The political movement is ill-advised in under-estimating this industrial movement in its newest manifestations. Arthur Henderson has never fully understood what David Kirkwood and the Clyde Workers' Committee were seeking to do. Some of the advocates of workers' control have an equal distrust of political methods for achieving their aims. This distrust is at times revealed in the writings, for example, of Cole and S. G. Hobson. The first labor members of Parliament failed to achieve the large things hoped for and the experience of the rank and file with labor members in the war government has been disillusioning.
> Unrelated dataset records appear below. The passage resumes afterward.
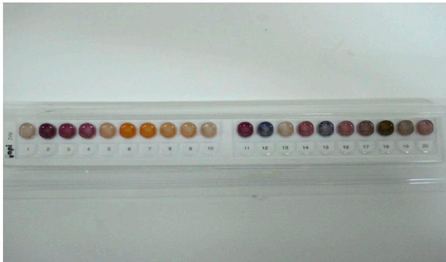
Figure 1. A picture showing the differential staining of the APIZYM plate with ZYM A and ZYM B after 4 hours of incubation of larval homogenates with substrates dispersed on the porous plate. Each coloured well gives a rank score based on the intensity of colour formed.

approximate amount (in nmol) of the enzyme is given by comparison with a colour scale included in the kit, as compared with the control.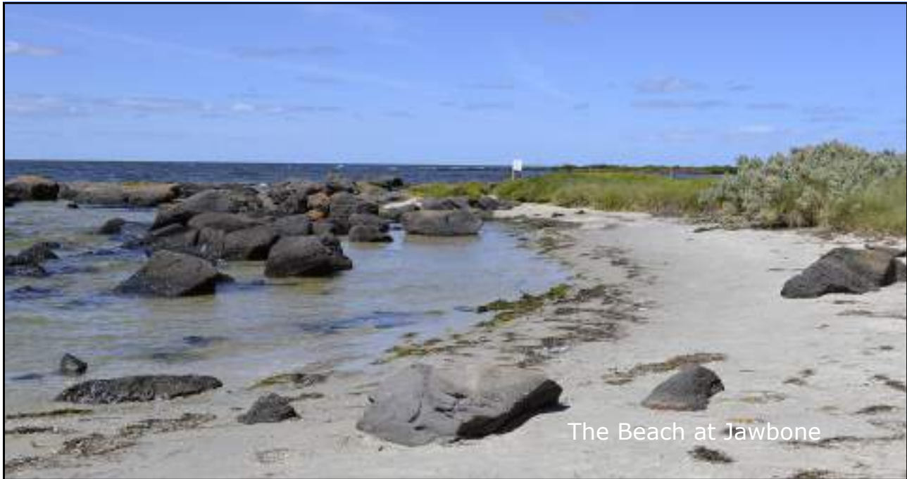
The Beach at Jawbone

The water in the bay at Jawbone and on the route shown, will be shallow, especially at low tide, and no deeper than 3 m. Among the beautiful things to be seen here are the shallow but lush seagrass beds where one might find elusive pipefish, and both dumpling and pygmy squid.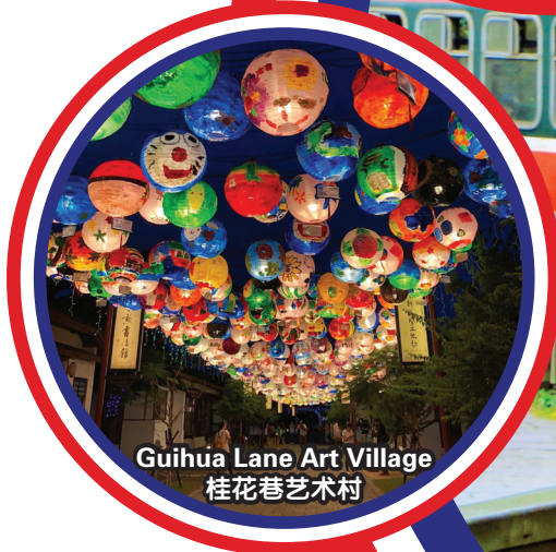
Guihua Lane Art Village 桂花巷艺术村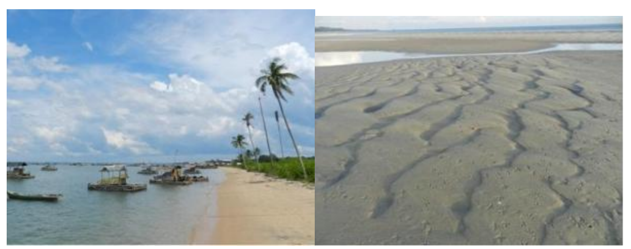
Figure 12. Beach near Permis hill/mountain. Figure 13. Shorebird track and sandy beach in Sandai

Political obstructions to labor will precipitate direct action industrially.

It is probable that the course of British labor in its two-fold movement will depend on the adjustment of both impulses to a new and common resultant, just as in the slow movement toward political democracy the organizing faculty of the British people has built up an Empire, while with their ingrained love of personal freedom they have kept fast hold of local self-government. It is in the interplay of these two impulses that we have evidence that British labor is drawing on collectivism, but individualism as well, in endeavoring to strike a new balance between social control and liberty.
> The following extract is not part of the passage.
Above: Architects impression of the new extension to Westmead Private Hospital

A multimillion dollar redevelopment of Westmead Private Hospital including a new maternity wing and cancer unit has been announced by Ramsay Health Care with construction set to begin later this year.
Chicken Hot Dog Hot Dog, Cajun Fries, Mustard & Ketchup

As Arthur Henderson has said:

In opposition and presently, as we believe and hope, in office, labor will seek to build up a new order of society, rooted in equality, dedicated to freedom, governed on democratic principles.

Thus, in the political field, the outstanding lesson of the war to the British worker is that life has been conscripted by the State; therefore, property can be conscripted by the State. The Labour Party believes that taxation of incomes and profits will not yield enough to free the country from its oppressive war debt, and that any attempt to tax food or the other necessities of life will be unjust and ruinous to the masses of the people. It, there fore, demands that a graduated system of conscription of wealth shall be put into operation, to the end that capital shall cumulatively become an instrument of the common welfare.